Bug 1334924

Summary: Slow response times due to Foreman locking query
Product: Red Hat Satellite Reporter: Chris Adams <cadams>
Component: Tasks PluginAssignee: Ivan Necas <inecas>
Status: CLOSED ERRATA QA Contact: jcallaha
Severity: high Docs Contact:
Priority: high    
Version: 6.1.7CC: bbuckingham, bkearney, cwelton, erinn.looneytriggs, inecas, jcallaha, jentrena, ktordeur, mmccune, oshtaier, rdixon, sabnave, smalik, xdmoon
Target Milestone: UnspecifiedKeywords: Triaged
Target Release: Unused   
Hardware: x86_64   
OS: Linux   
Whiteboard:
Fixed In Version: rubygem-foreman-tasks-0.7.14.7-1 Doc Type: Bug Fix
Doc Text:
Story Points: ---
Clone Of: Environment:
Last Closed: 2016-10-04 06:43:38 UTC Type: Bug
Regression: --- Mount Type: ---
Documentation: --- CRM:
Verified Versions: Category: ---
oVirt Team: --- RHEL 7.3 requirements from Atomic Host:
Cloudforms Team: --- Target Upstream Version:
Embargoed:

Description Chris Adams 2016-05-10 19:48:56 UTC
Using Satellite 6.1.7, we experienced extremely slow UI and API performance (response times measured in the minutes, tons of ancillary failures due to lock contention).
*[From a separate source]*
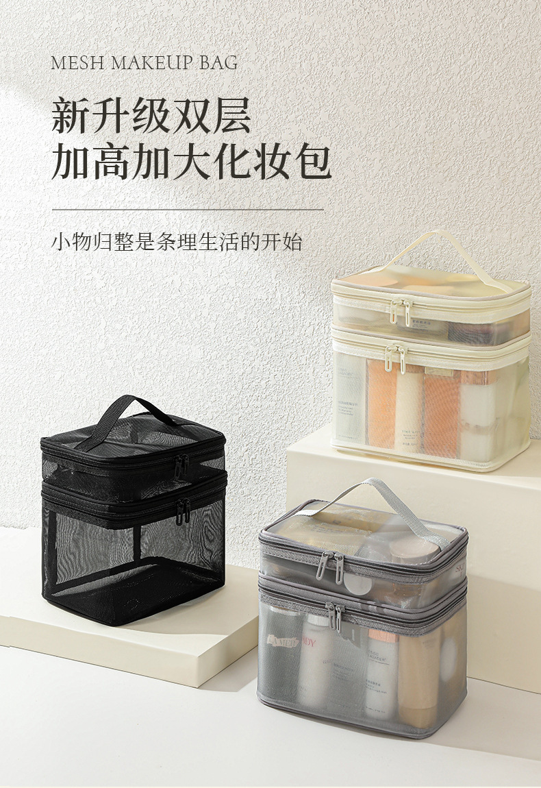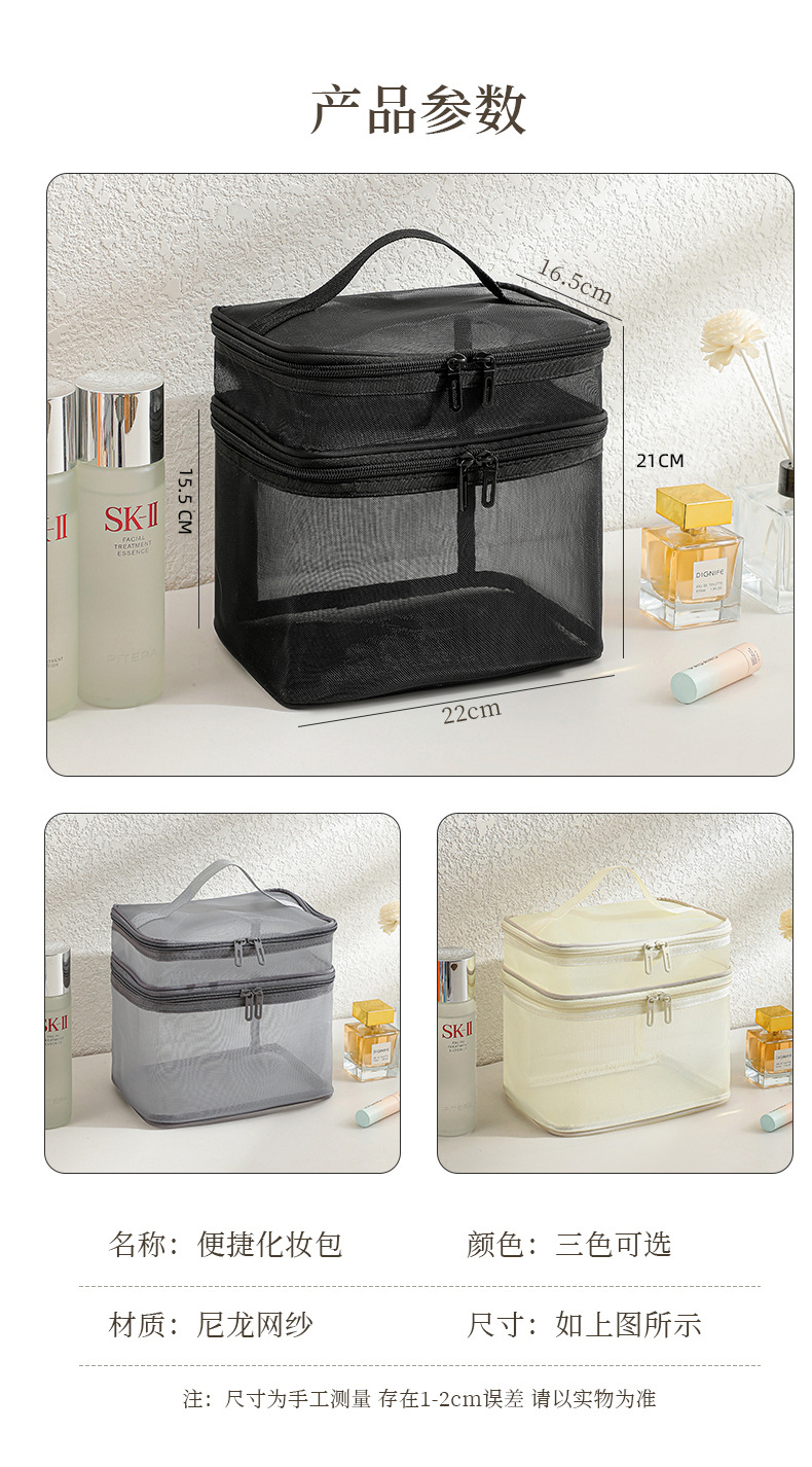 국경 간 새로운 메쉬 화장품 가방 여행 화장품 보관 가방 대용량 더블 레이어 메쉬 세면 용품 가방 도매스토어 가기

On the server, we hit the Passenger process limit on Foreman instances which were each tied to a Postgres query using 100% CPU continuously for tens of minutes.

We added memory and reduced concurrency to avoid swapping and increased Postgres's shared_buffers & work_mem but the queries were still taking minutes to execute.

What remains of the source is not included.